Penanganan banjir besar yang melanda Kabupaten Langkat sejak Rabu, 26 November 2025, kini memunculkan sorotan tajam. Selain dinilai lambat dalam merespon situasi, Badan Penanggulangan Bencana Daerah (BPBD) Langkat juga dianggap menyajikan data laporan yang tidak relevan.
Sejumlah informasi yang mereka rilis dinilai tidak sesuai dengan kondisi faktual di lapangan maupun pembaruan data dari BPBD Provinsi Sumatera Utara.
BPBD melaporkan banjir di Langkat berstatus banjir bandang, namun tidak menyampaikan wilayah yang dilanda bandang.

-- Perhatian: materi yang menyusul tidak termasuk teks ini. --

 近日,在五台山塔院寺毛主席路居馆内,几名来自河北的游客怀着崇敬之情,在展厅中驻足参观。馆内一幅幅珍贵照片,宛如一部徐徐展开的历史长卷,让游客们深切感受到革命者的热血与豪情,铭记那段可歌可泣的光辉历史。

Laporannya, BPBD menyampaikan banjir hanya melanda enam kecamatan di Langkat. Keenam kecamatan tersebut yakni Brandan Barat, Babalan, Sei Lepan, Besitang, Sawit Seberang, dan Tanjung Pura.
Sementara, Kecamatan Pangkalan Susu, Gebang, Padang Tualang, Batang Serangan, Secanggang, Binjai dan Hinai. Lalu Wampu, Stabat dan Pematang Jaya, dilaporkan tidak mengalami banjir. Padahal banjir juga melanda wilayah tersebut.

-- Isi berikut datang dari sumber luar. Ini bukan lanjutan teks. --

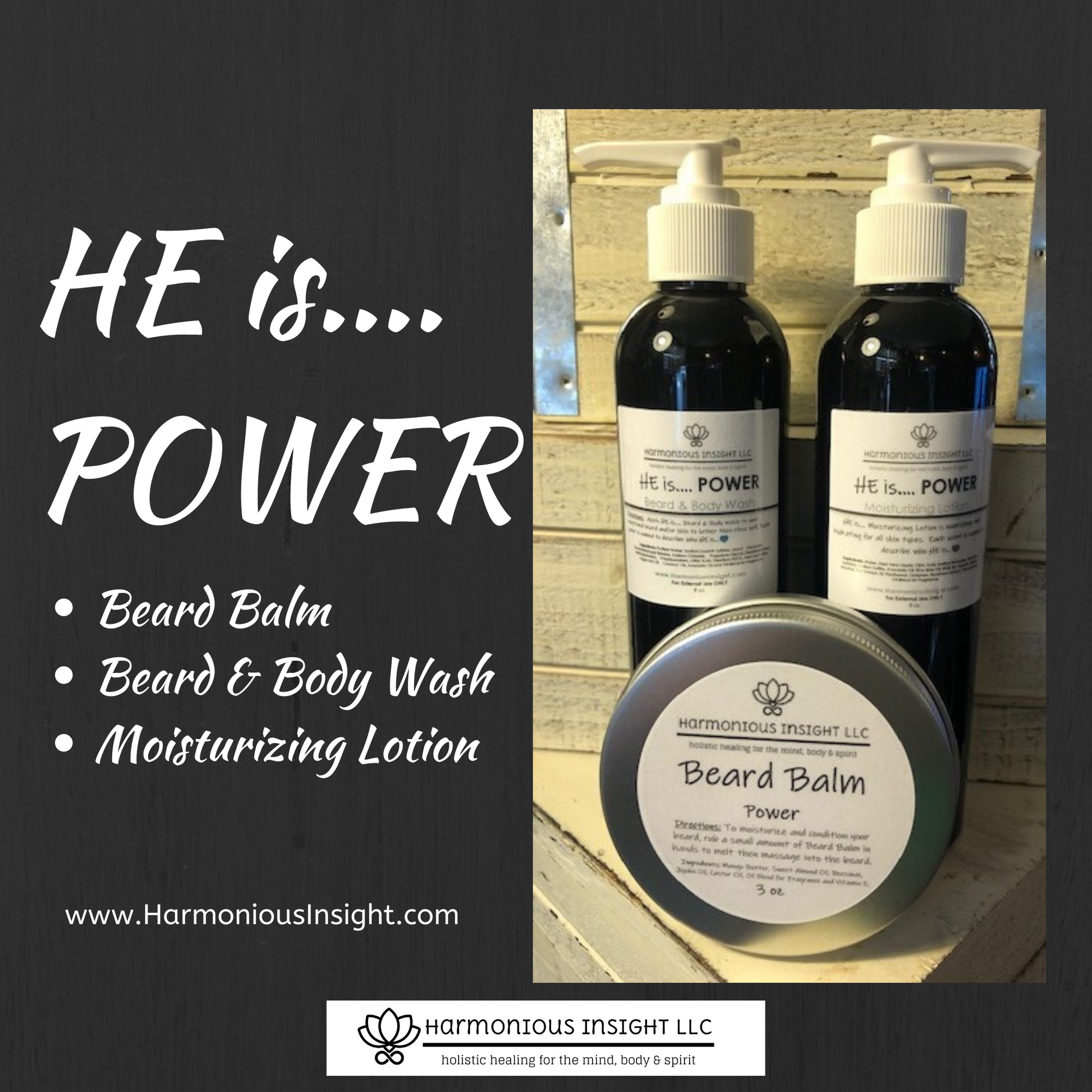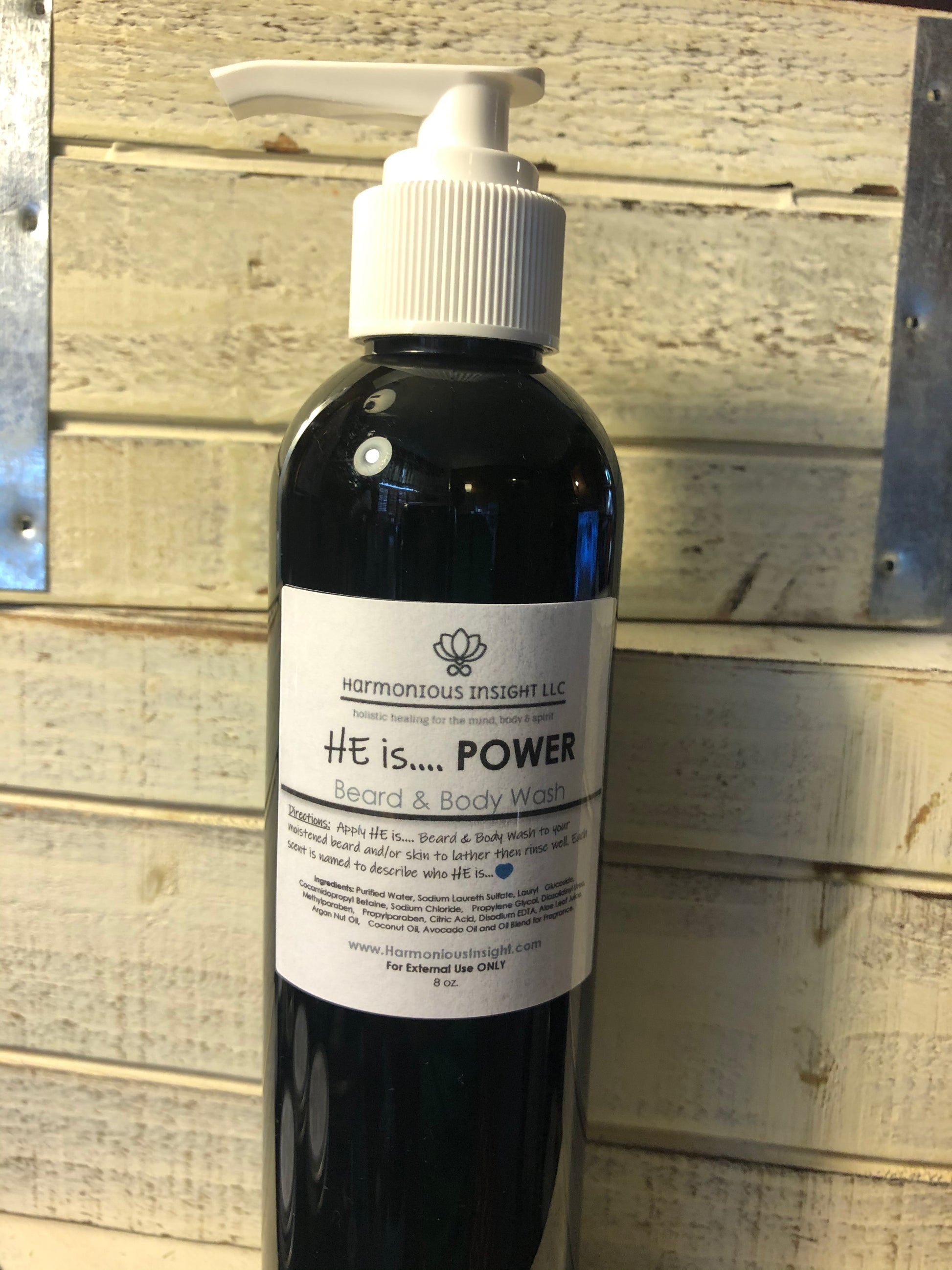 HE is… POWER Beard & Body Wash scent is a blend of citrus, musk and sandalwood.

Anehnya, pada laporan awal, 29 November 2025 BPBD Langkat menyebut tidak ada pengungsi. Padahal terpantau, sejak 27 November 2025 warga terdampak sudah meninggalkan rumah untuk mengungsi ke tempat aman dari banjir.
Kemudian, pembaruan data 30 November 2025 kembali menimbulkan kejanggalan. Dalam rekapitulasi dampak korban, BPBD Langkat melaporkan pengungsi sebanyak 125.610 KK atau 13.664 jiwa. Serta dua warga meninggal dunia. Angka tersebut berselisih dengan laporan sebelumnya yang menyebut seluruh kategori korban nihil.

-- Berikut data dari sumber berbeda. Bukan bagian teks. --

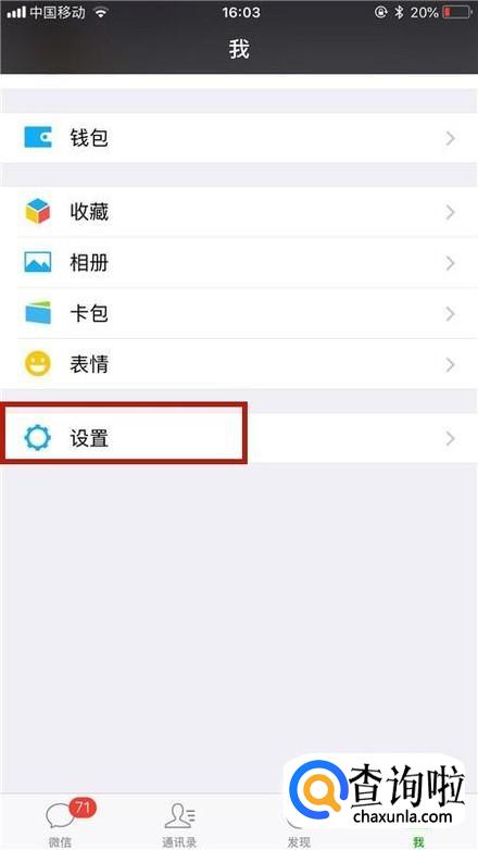 首先点击微信中的设置,如下图所示。
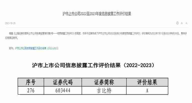近日,,上海证券交易所发布2022-2023年度信息披露工作评价结果。。。。JIUYOU.COM(股票代码:::603444)凭借规范的公司治理、、、、高质量的信息披露以及良好的投资者关系管理再次荣获信息披露工作A级评价,,,,公司连续两年获此殊荣。。。

Lebih jauh, data dari Pusdalops BPBD Provinsi Sumatera Utara, 1 Desember 2025, kembali menunjukkan perbedaan. Menurut laporan provinsi, banjir Langkat mengakibatkan pengungsi 3.416 KK atau 13.664 jiwa. Warga terdampak 125.610 KK atau 502.440 jiwa. Korban meninggal dunia 2 jiwa.
Kalak BPBD Langkat Bungkam
Perbedaan angka antara laporan Kabupaten dan Provinsi ini pun memunculkan pertanyaan serius. Hal itu mengenai akurasi pendataan, terutama terkait jumlah pengungsi dan total warga terdampak.
Kondisi di lapangan menunjukkan sebagian besar wilayah masih dalam penanganan dan belum tersentuh bantuan. Sementara warga menunggu kejelasan informasi yang lebih tepat dari instansi resmi.
Ketidaksinkronan data ini menjadi sorotan, mengingat informasi kebencanaan yang akurat sangat penting dalam menentukan skala bantuan, evakuasi, dan langkah penyelamatan selanjutnya.
Mirisnya, dalam kondisi darurat seperti ini, Kepala Pelaksana (Kalak) BPBD Langkat, Muhammad Ansyari justru memilih bungkam. Konfirmasi yang disampaikan awak media belum mendapat tanggapan hingga berita ini ditayangkan.